At the same time, these radically changing possibilities for representation were intimately linked to the widening of cultural boundaries through international expositions and increased travel. Today, at the turn of the millennium, photographic media and computer technologies—such as interactive videos and the Internet superhighway—continue to expand imaginative frontiers, transporting voyagers into virtual worlds. Inverted Odysseys proposes that the concept of multiple selves advocated by Cahun, Deren, and Sherman is more than a feminist or a psychological issue. As cocurator Shelley Rice has asserted, “The playful, imaginative urge to ‘try on’ the roles we see in pictures, in films, in travels, or in literature—to become a medieval princess or a Buddha or a witch—is central to the workings of our global culture, to our social definitions of human identity in a world where each individual exists in a multicultural and multitemporal environment.”
Claude Cahun employed photography to construct a personal mythology, an imaginary life outside the social confines of the historical world. Born into a prominent Jewish family of writers and publishers, she studied at the Sorbonne and then at Oxford before moving back to Paris with her lover and stepsister Suzanne Malherbe. There they participated in the creative ferment of French intellectual life between the World Wars. Cahun hovered on the margins of the Surrealist group, publishing in their journals and contributing sculpture-objects to their exhibitions but, for the most part, remaining independent of any movement.

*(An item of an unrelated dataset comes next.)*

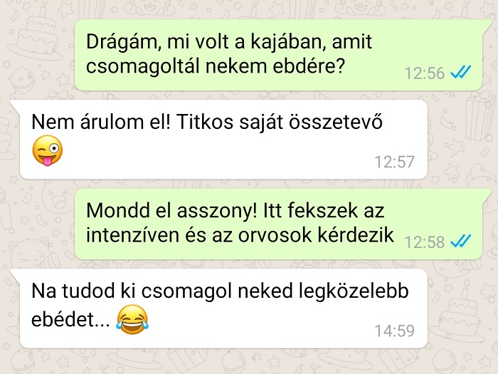 2. A feleség azonnal ott termett, hogy gondját viselje a férjének, de azért nem maradhatott el a „kérdőre vonás” sem.

In both her writing and her photography, Cahun disrupts restrictive ideas about gender, in particular, social prescriptions about femininity. Her texts were initially published in the newspaper Mercure de France, first in 1914 under the transitional name of Claude Courlis and then in 1917 as Claude Cahun, a family name on her maternal side. As “Claude” is gender-ambiguous in French, her choice of this pseudonym is itself a form of cross-dressing. Beginning in 1912, she initiated a lifelong obsession with self-portraiture, presenting herself alternately as elegant dandy in masculine attire and closely cropped haircut, and demure maiden in tightly-laced dress and fastidious braids. Almost as often, she depicted herself as androgyne, or as a historical or fictional character. Whether Buddha, masked avenger, vampire, rag doll, or her own father, Cahun assumed roles that were denied to her in the social world. Cahun’s use of costumes and her assumption of characters reflect her involvement in avant-garde theater. She was active in the Théâtre Esotérique and Le Plateau, two experimental troupes that included Japanese, Indian, and Sufi programs on their rosters. Many of her photographs obscure boundaries between public and private, or between theatrical stills and portrait photography. In several self-portraits she appears in actual theater costumes, posing in one example as Belle from Barbe-Bleu (Bluebeard).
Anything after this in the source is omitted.